» Required action:
Omit the pictures, then reproduce every remaining record exactly.

__________________________________________________

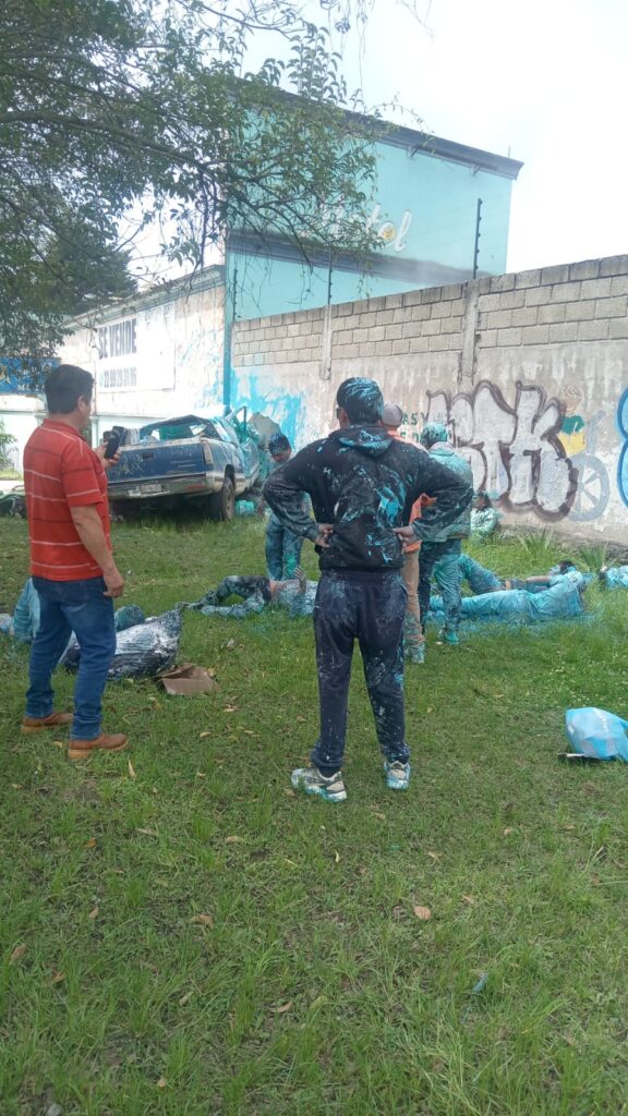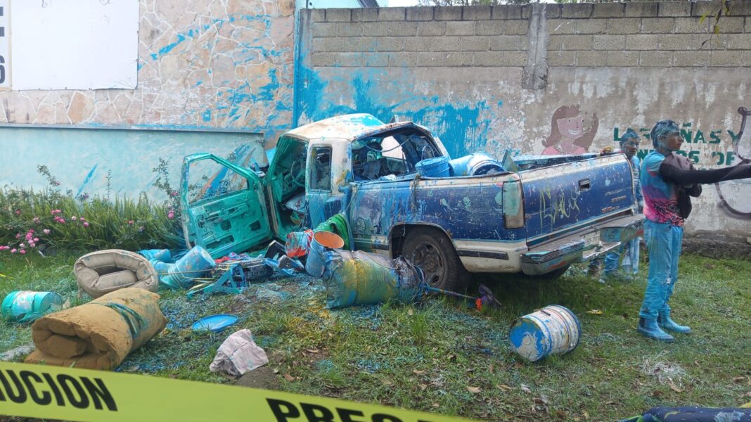 En la unidad viajaban ocho trabajadores dedicados a la pintura, quienes transportaban cubetas con pintura azul, colchonetas y ventiladores. Tras el impacto, la pintura se derramó y alcanzó a varios de los ocupantes.
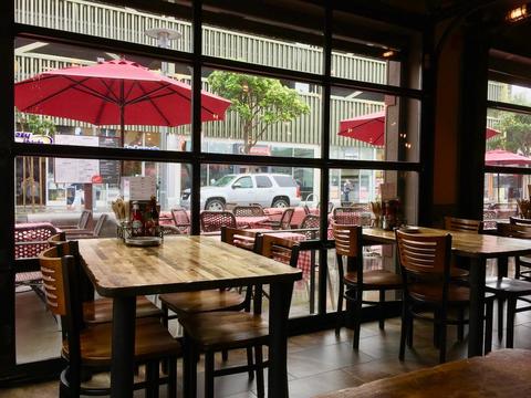 パティオが人気でハッピーアワーはいつも賑やかな 『ロウズ・フィッシュ・シャック(Lou's Fish Shack)』 もこの日は雨に完敗。 待ち合わせの為のランチに寄った。
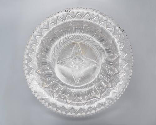DescriptionPressed upside down over a plain male mold by a female plunger bearing the pattern. Rope foot ring. Shear mark on patterned underside of base.
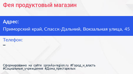 Фея, продуктовый магазин по адресу Приморский край, Спасск-Дальний, Вокзальная улица, 45 в дальнейшем Организация, размещена в следующих категориях:
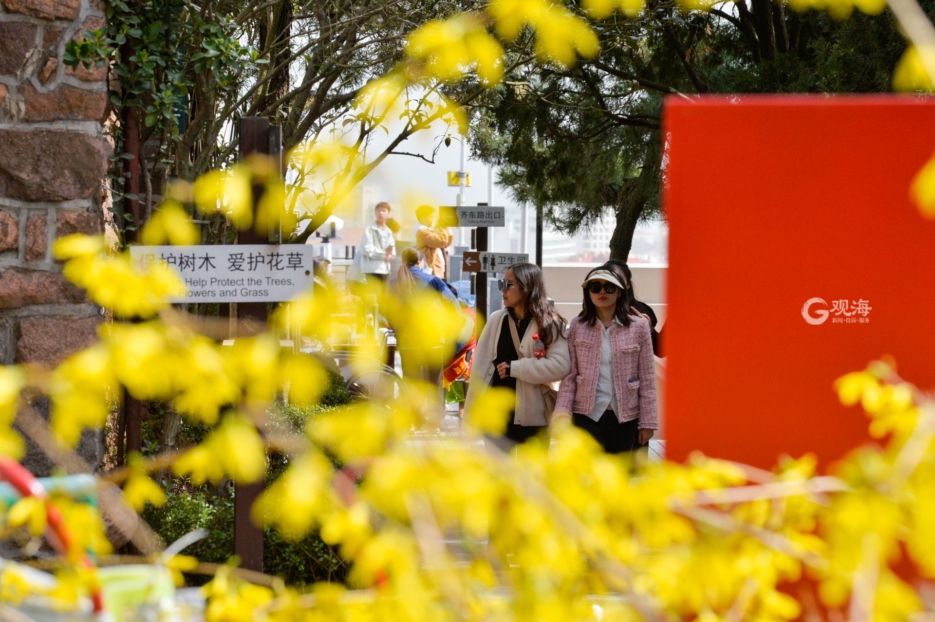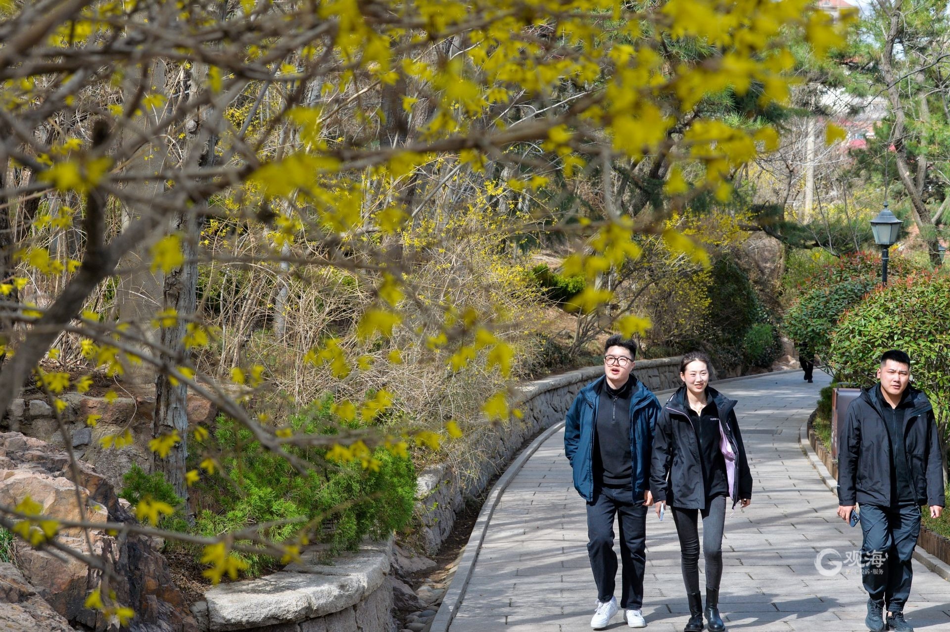 - 连翘花吸引游人驻足拍照。
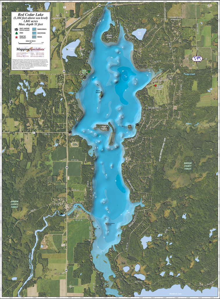 Enhanced wall map of Red Cedar Lake in Barron County, Wisconsin, with aerial imagery.

__________________________________________________

» Written answer:
 En la unidad viajaban ocho trabajadores dedicados a la pintura, quienes transportaban cubetas con pintura azul, colchonetas y ventiladores. Tras el impacto, la pintura se derramó y alcanzó a varios de los ocupantes.
 パティオが人気でハッピーアワーはいつも賑やかな 『ロウズ・フィッシュ・シャック(Lou's Fish Shack)』 もこの日は雨に完敗。 待ち合わせの為のランチに寄った。
DescriptionPressed upside down over a plain male mold by a female plunger bearing the pattern. Rope foot ring. Shear mark on patterned underside of base.
 Фея, продуктовый магазин по адресу Приморский край, Спасск-Дальний, Вокзальная улица, 45 в дальнейшем Организация, размещена в следующих категориях:
 - 连翘花吸引游人驻足拍照。
 Enhanced wall map of Red Cedar Lake in Barron County, Wisconsin, with aerial imagery.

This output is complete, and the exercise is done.